Aaron: [33:16] Take a little more risk, I guess.

Mickey: [33:18] Yeah, I would’ve definitely taken a lot more risk and I love taking risks now. It’s fun. I mean, I’ll pretty much do anything. You all could call me tomorrow and say, “Hey, let’s start a business.” I’m like, “I’m game. What are we doing?”

Micah: [33:29] Yeah, you got to take some sort of risk and you’re always afraid that things are going to go worst case and you never stop and think too much a lot. Most people just way overdo the risk factor and don’t look at it with eye of reality.

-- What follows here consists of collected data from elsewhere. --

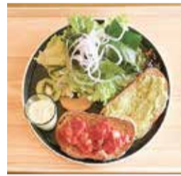
「ベーコントマトとアボカドのトーストプレート」

新鮮な青果を扱う市場の自信と誇りを持って「産地と消費者」「市場と地域」「人と人」がつながるように、皆さんの日常に寄り添ったお店作りをしていきます!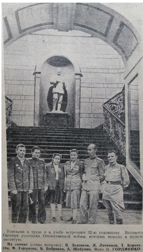
Успехами в труде и в учебе встречают 32-ю годовщину Великого Октября участники Отечественной войны, которых немало в нашем институте.

В архиве есть фото из газеты «Сталинец», где он стоит на лестнице первого корпуса с другими фронтовиками, вернувшимися доучиваться в институт. Его приняли на четвёртый курс. По окончании института поступил в аспирантуру.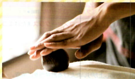
カンボジア伝統マッサージ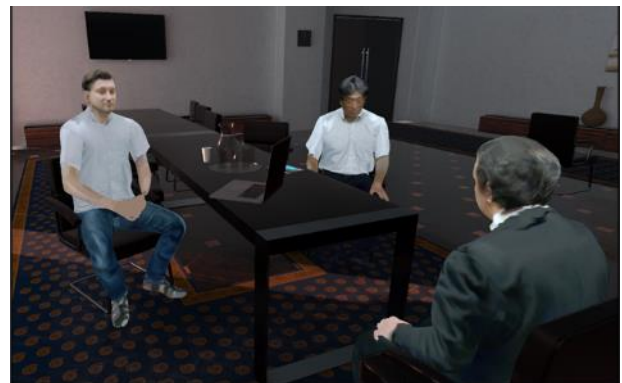
図 3: 仮想空間内で互いに向き合い、各人の表情・動作を豊かに伝えて相互理解の深化が図れる将来の遠隔コミュニケーションに活用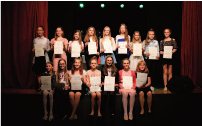
Śpiewający Słowik - uczestnicy kategorii I, II i III oraz IV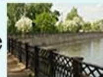
Камбарская плотина г. Камбарка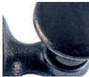
Guss altblank lackiert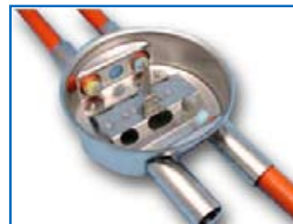
Skarvbox BLF 4 x 40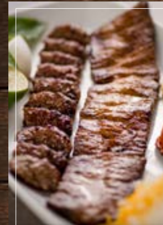
جلو كباب سلطاني Chelo Kebab Sultani BD 6.60

Mickey: [33:50] Yeah. I mean, it’s like, I really love fedoras, and Micah, you know this. So I actually donated a fedora to each one of Micah’s kids while he was in Asheville. But I absolutely love fedoras and I was just like, one day I told my wife and she said, “You’re crazy.” About to say a curse word just then but I didn’t. I caught myself. But anyway, she said, “You’re crazy.” I told her, I said, “I’m going to open up a fedora website.” She said, “You’re going to do what?” And I just started a website selling fedoras and it’s going okay, not great, but it’s something I love to do and that’s what’s even better about our industry. What we can do is, if you know how to do what we know how to do, then you can pretty much do anything you want to do on the web. If you want to start a website for selling candy, you can sell a website for candy or whatever it is and we don’t have to pay all that money out of the pocket. We can do it ourselves in our spare time and try to capitalize on that if we want to. So that’s just one of my other thoughts, I guess.

Micah: [34:48] And one of the big benefits to doing that is when you go in and you give it a shot and you learn a few lessons, then you have a client that comes along doing the same kind of thing, you are a lot more knowledgeable and helpful too for them. So Mickey, what is the best way for everybody to get a hold of you? What are your websites, Twitter handles and all those good things?

Mickey: [35:08] Well, I only use Twitter when I go to WordCamp, so I’m very guilty of that. But my handle is @MickeyTrivett and my website’s WebCoUSA.com, or if you want to email me, it’s [email protected]. That’s pretty much how I’m available. If you tweet me, I’ll probably not tweet you back until I go to WordCamp because I’m serious. I hardly ever use Twitter.

“I’m serious. I hardly ever use Twitter.” says @MickeyTrivett on the @wpsquareone podcast (so send him a tweet!)

Micah: [35:33] And if somebody wants to buy a fedora from you, where do they go?

Mickey: [35:36] Ah, would be clubfedora.com.

Micah: [35:40] Yeah. We really enjoyed having you on, Mickey. Thanks for joining us.

Mickey: [35:45] Yes sir. If you need anything else, just let me know. I appreciate you all.